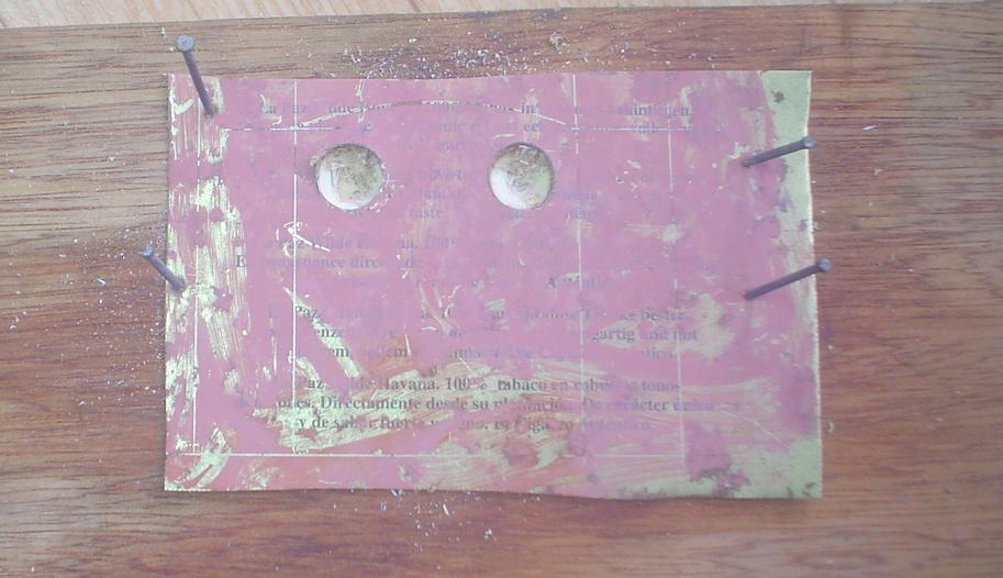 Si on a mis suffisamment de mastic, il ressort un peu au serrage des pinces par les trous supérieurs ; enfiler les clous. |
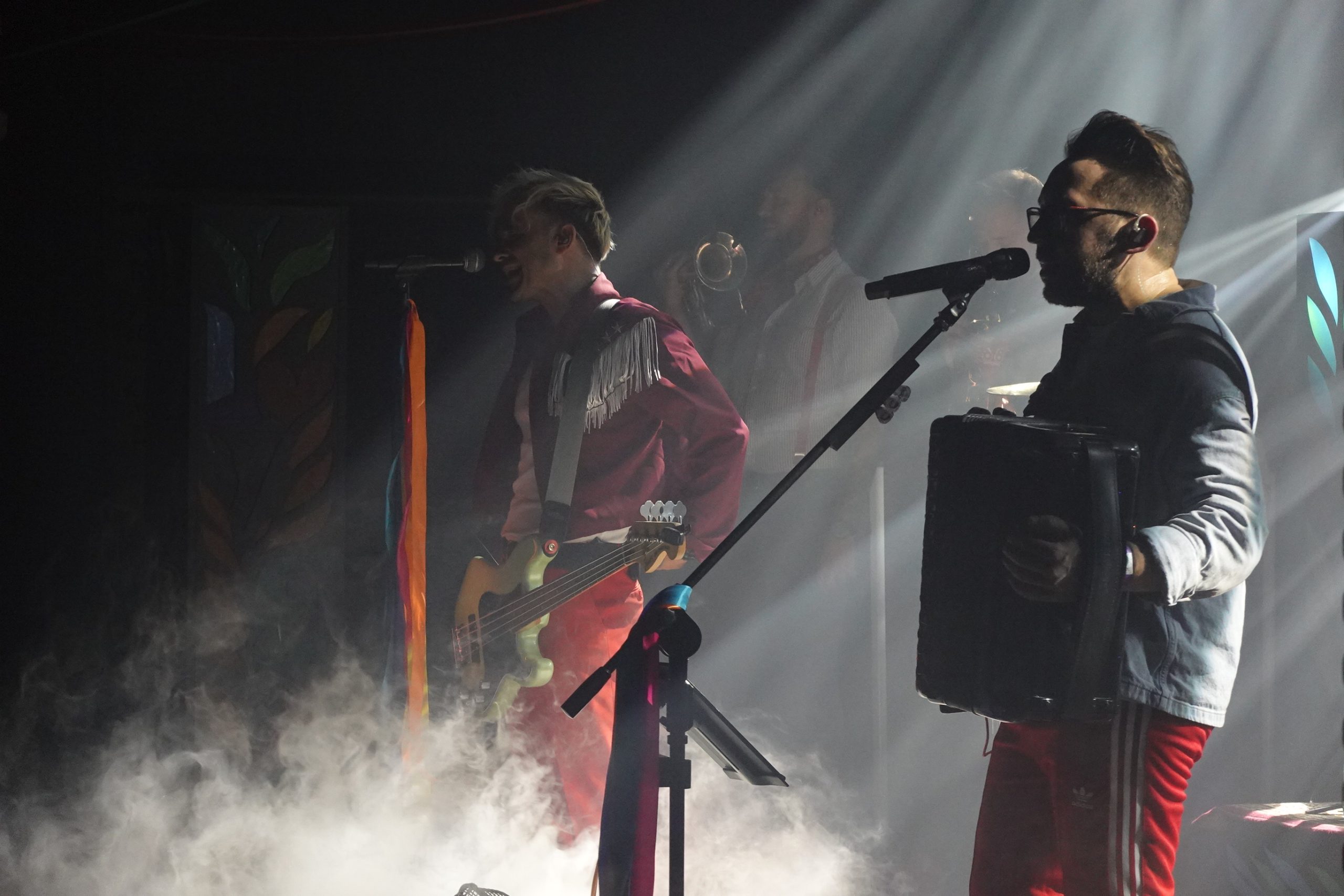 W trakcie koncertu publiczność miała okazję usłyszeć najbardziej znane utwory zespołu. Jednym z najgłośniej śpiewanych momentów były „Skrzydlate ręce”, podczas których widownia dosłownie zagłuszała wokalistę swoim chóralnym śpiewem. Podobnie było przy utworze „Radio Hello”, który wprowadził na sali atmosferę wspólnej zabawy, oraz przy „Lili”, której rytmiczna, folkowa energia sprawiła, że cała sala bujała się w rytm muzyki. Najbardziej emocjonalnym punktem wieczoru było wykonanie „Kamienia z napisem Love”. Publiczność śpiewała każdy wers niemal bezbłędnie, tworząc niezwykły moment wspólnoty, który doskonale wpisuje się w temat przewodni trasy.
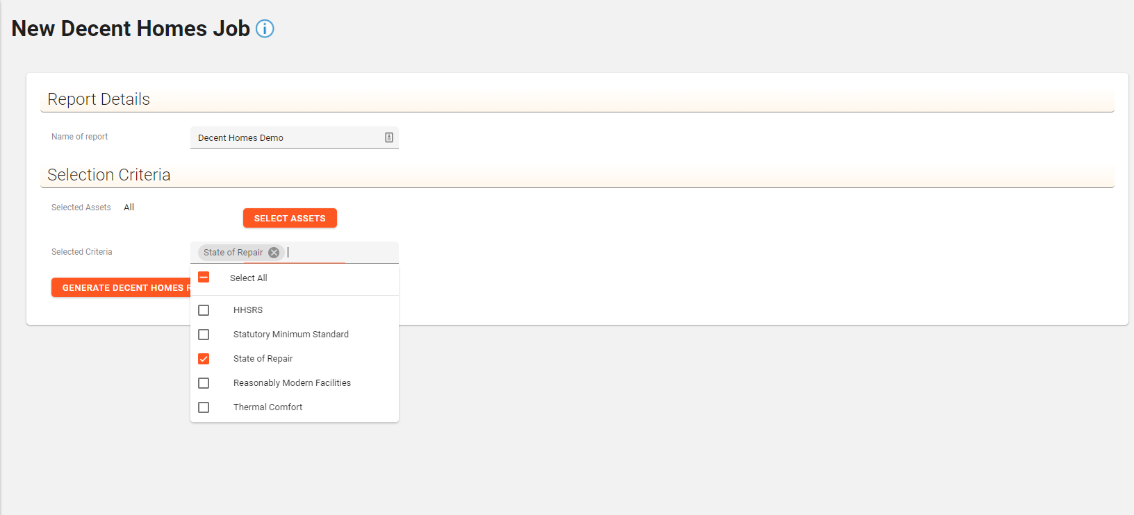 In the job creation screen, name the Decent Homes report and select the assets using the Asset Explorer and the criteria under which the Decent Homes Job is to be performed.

...

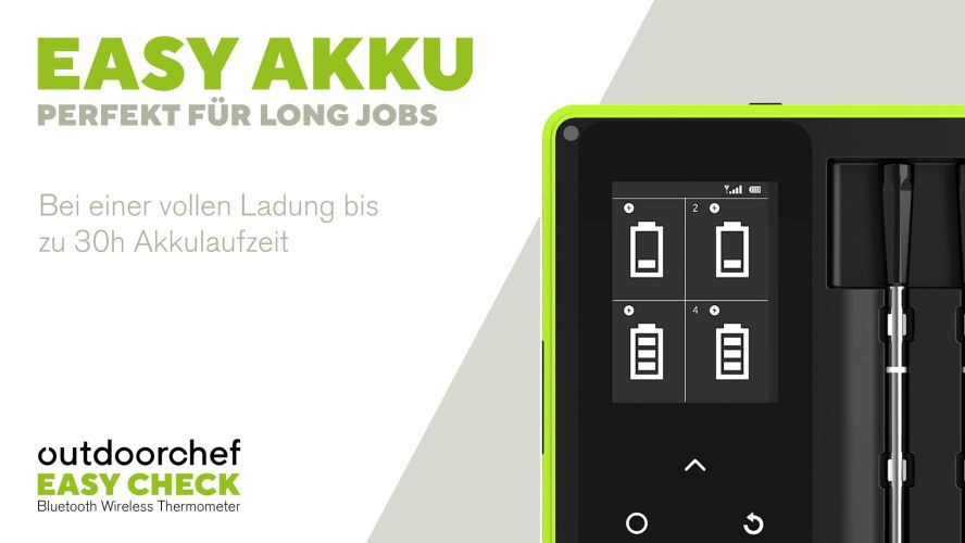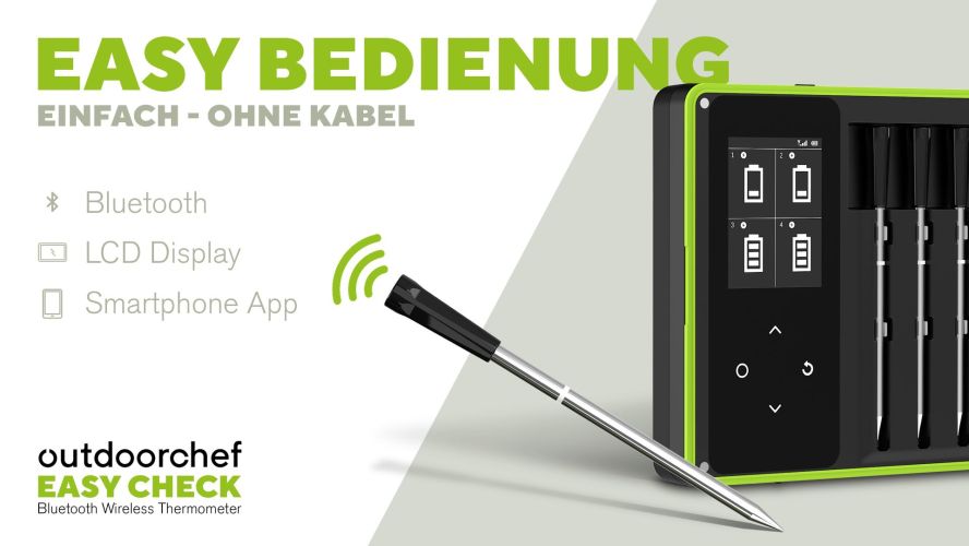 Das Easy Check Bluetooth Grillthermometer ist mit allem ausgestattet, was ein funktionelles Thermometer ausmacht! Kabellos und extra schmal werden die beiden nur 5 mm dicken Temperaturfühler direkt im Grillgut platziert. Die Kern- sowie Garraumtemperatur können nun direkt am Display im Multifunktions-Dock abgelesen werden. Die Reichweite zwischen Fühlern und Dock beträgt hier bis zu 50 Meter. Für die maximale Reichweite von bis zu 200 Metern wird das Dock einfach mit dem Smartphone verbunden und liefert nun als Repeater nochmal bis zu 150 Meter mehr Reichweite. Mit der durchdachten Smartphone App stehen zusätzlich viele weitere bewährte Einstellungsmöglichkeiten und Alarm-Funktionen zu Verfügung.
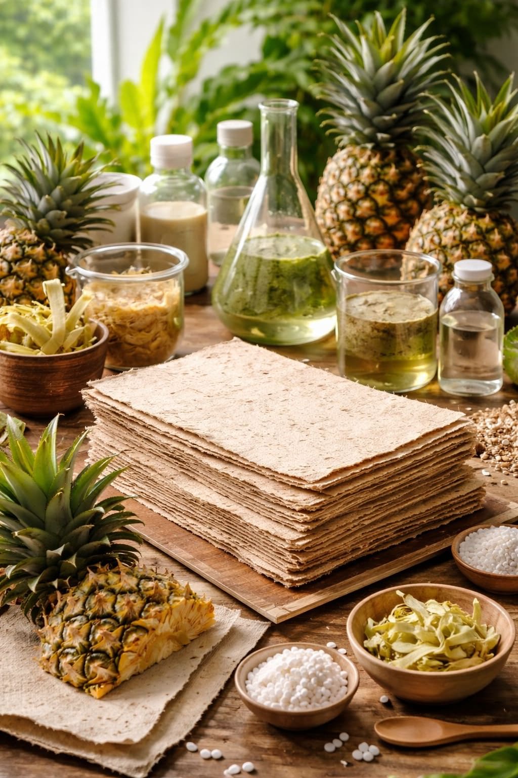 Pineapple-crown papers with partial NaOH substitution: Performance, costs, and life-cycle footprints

# Your assignment
Within the material above, only the stretch from the line holding "W trakcie koncertu" through the line holding "In the job creation" is to be restated exactly. Pictures are dropped.

# Exercise result
 W trakcie koncertu publiczność miała okazję usłyszeć najbardziej znane utwory zespołu. Jednym z najgłośniej śpiewanych momentów były „Skrzydlate ręce”, podczas których widownia dosłownie zagłuszała wokalistę swoim chóralnym śpiewem. Podobnie było przy utworze „Radio Hello”, który wprowadził na sali atmosferę wspólnej zabawy, oraz przy „Lili”, której rytmiczna, folkowa energia sprawiła, że cała sala bujała się w rytm muzyki. Najbardziej emocjonalnym punktem wieczoru było wykonanie „Kamienia z napisem Love”. Publiczność śpiewała każdy wers niemal bezbłędnie, tworząc niezwykły moment wspólnoty, który doskonale wpisuje się w temat przewodni trasy.
 In the job creation screen, name the Decent Homes report and select the assets using the Asset Explorer and the criteria under which the Decent Homes Job is to be performed.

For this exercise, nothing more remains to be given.